UTL-X parses the XML into UDM and serializes it as JSON. Element names become property names, text content becomes values, repeated elements become arrays.

What Happens to XML Features in JSON

XML has features that JSON lacks. Here's how each one translates:


XML feature	JSON representation	Notes
Child elements	Object properties	Direct mapping
Text content	String/number value	Auto-unwrapped from `_text`
Attributes (non-leaf)	`@attr` properties	Always preserved
Attributes (leaf+text)	Dropped (default)	`writeAttributes: true` to preserve
Repeated elements	Arrays	Auto-detected
Namespaces	Prefixed names	`cbc:ID` accessed via bracket notation
CDATA	String value	CDATA markers stripped
Comments	Dropped	Not representable in JSON
Processing instructions	Dropped	Not representable in JSON

To preserve leaf element attributes (like currency="EUR" on <Total>299.99</Total>), use output json {writeAttributes: true}. Chapter 23 covers the attribute handling design in detail.

Reshaping During Conversion

Usually you don't want a 1:1 XML-to-JSON conversion — you want to reshape:

utlx

%utlx 1.0
input xml
output json
---
map($input.Orders.Order, (order) -> {
  id: order.@id,
  customer: order.Customer,
  total: toNumber(order.Total),
  lines: map(order.Lines.Line, (line) -> {
    product: line.Product,
    quantity: toNumber(line.Qty),
    price: toNumber(line.Price)
  })
})

The XML hierarchy is flattened, renamed, and retyped in one step.

JSON to XML

The reverse — common when feeding data into enterprise systems that expect XML.

Pass-Through

utlx

%utlx 1.0
input json
output xml {root: "Order"}
---
$input

The root option specifies the XML root element name.
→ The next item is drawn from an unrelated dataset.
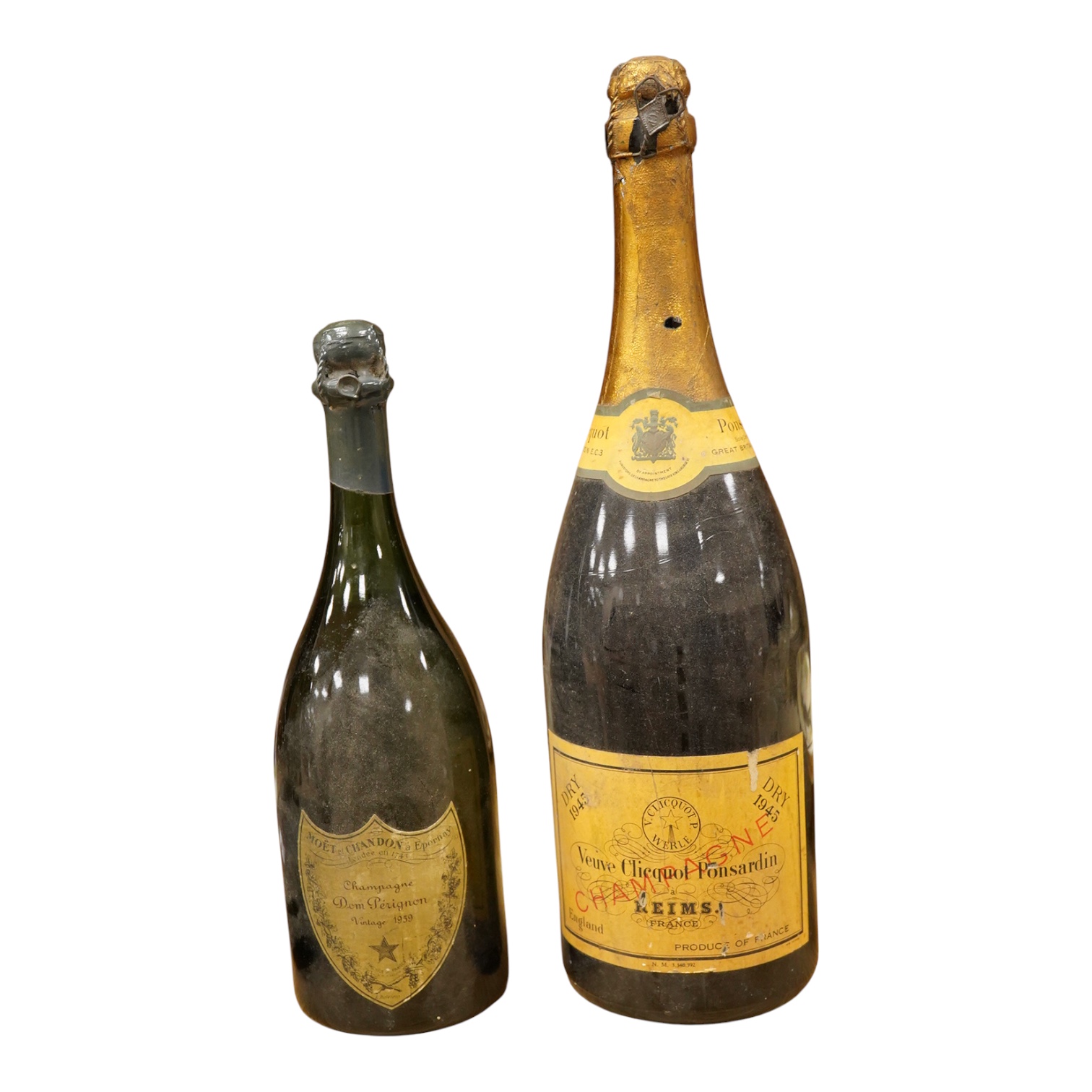 A bottle of Dom Perignon Champagne, 1959 and a magnum of Veuve Cliquot Ponsardin 1945
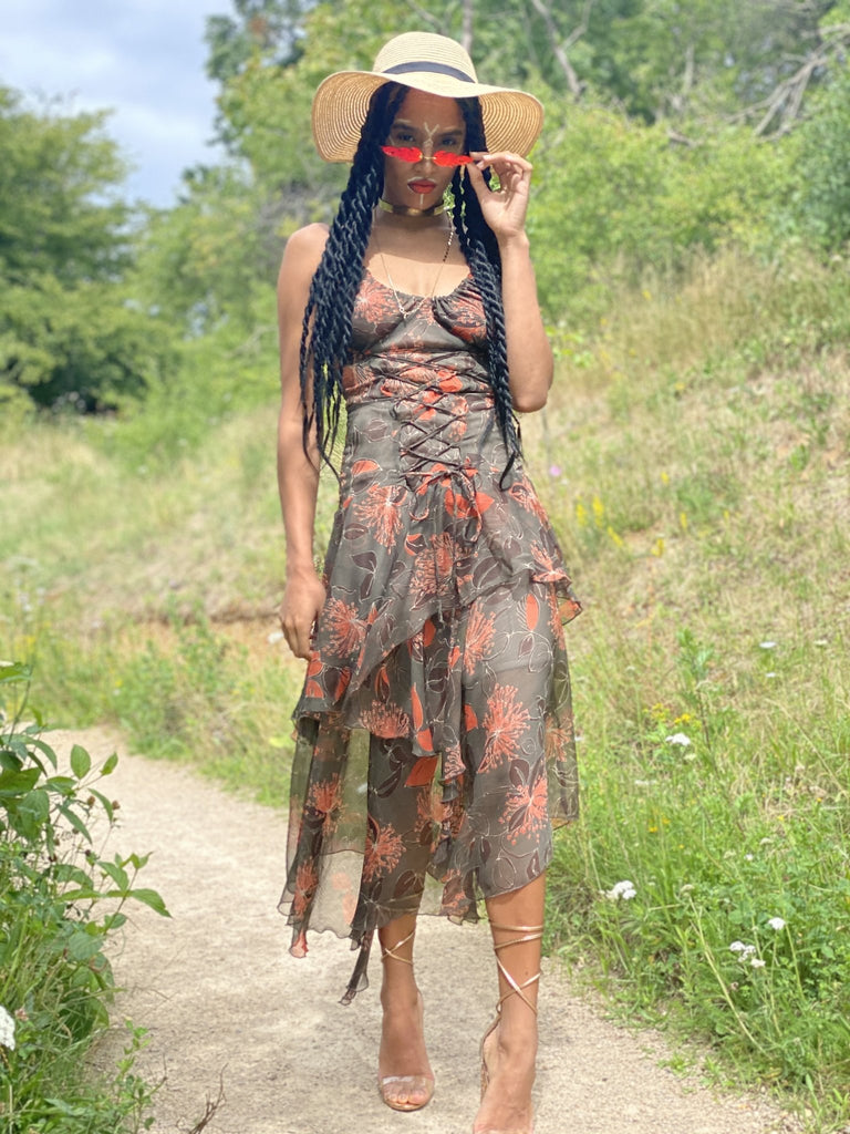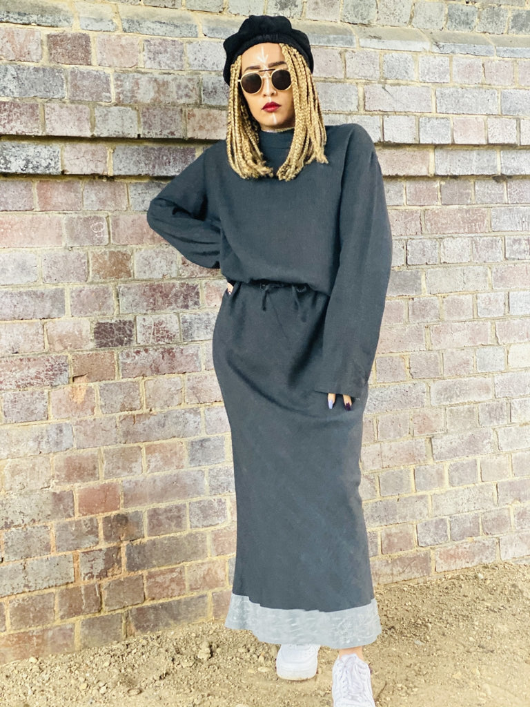 Dark Fantasy Maxi Skirt + Drawstring Crop Hoodie Co-ord

Without it, UTL-X uses the first property name as the root.

Creating Attributes

JSON has no concept of attributes. To create XML attributes, use the @ prefix in property names:

utlx

%utlx 1.0
input json
output xml
---
{
  Order: {
    "@id": $input.orderId,
    "@status": $input.status,
    Customer: $input.customerName,
    Total: $input.total
  }
}

Output:

xml

<Order id="ORD-001" status="CONFIRMED">
  <Customer>Alice</Customer>
  <Total>299.99</Total>
</Order>

Properties starting with @ become XML attributes on the parent element. Properties without @ become child elements.

Adding Namespaces

For namespace-qualified XML (UBL, SOAP, FHIR):

utlx

%utlx 1.0
input json
output xml
---
{
  "Invoice": {
    "@xmlns": "urn:oasis:names:specification:ubl:schema:xsd:Invoice-2",
    "@xmlns:cbc": "urn:oasis:names:specification:ubl:schema:xsd:CommonBasicComponents-2",
    "cbc:ID": $input.invoiceId,
    "cbc:IssueDate": $input.date,
    "cbc:DocumentCurrencyCode": $input.currency
  }
}

Namespace declarations are attributes — use @xmlns and @xmlns:prefix.

CSV to JSON

Turn flat tabular data into structured JSON:

utlx

%utlx 1.0
input csv {delimiter: ";"}
output json
---
map($input, (row) -> {
  id: row.OrderId,
  customer: row.Customer,
  amount: toNumber(row.Amount),
  date: parseDate(row.OrderDate, "dd-MM-yyyy")
})

CSV rows become JSON objects. The header names become property names. Type conversion is explicit — CSV values are strings by default (except auto-detected numbers and booleans).

JSON to CSV

Flatten structured JSON into tabular rows:

utlx

%utlx 1.0
input json
output csv
---
map($input.orders, (order) -> {
  orderId: order.id,
  customer: order.customerName,
  total: order.total,
  status: order.status
})

The property names of the first object become CSV headers. The order of properties determines column order.

Flattening Nested JSON

CSV is flat — nested objects must be denormalized:

utlx

%utlx 1.0
input json
output csv
---
flatten(map($input.orders, (order) ->
  map(order.lines, (line) -> {
    orderId: order.id,
    customer: order.customer,
    product: line.product,
    qty: line.qty,
    lineTotal: line.qty * line.price
  })
))

Parent fields repeat for each child row. For complex hierarchies, the unnest() function (Chapter 21) automates this.

XML to CSV

The most complex cross-format conversion — hierarchical to flat. This combines XML parsing with denormalization:

utlx

%utlx 1.0
input xml
output csv {delimiter: ";", regionalFormat: "european"}
---
flatten(map($input.Orders.Order, (order) ->
  map(order.Lines.Line, (line) -> {
    orderId: order.@id,
    customer: order.Customer,
    product: line.Product,
    quantity: toNumber(line.Qty),
    unitPrice: toNumber(line.Price),
    lineTotal: toNumber(line.Qty) * toNumber(line.Price)
  })
))

XML attributes (@id), text content, and type conversion all happen in one step. The output uses European CSV conventions (semicolons, comma decimals).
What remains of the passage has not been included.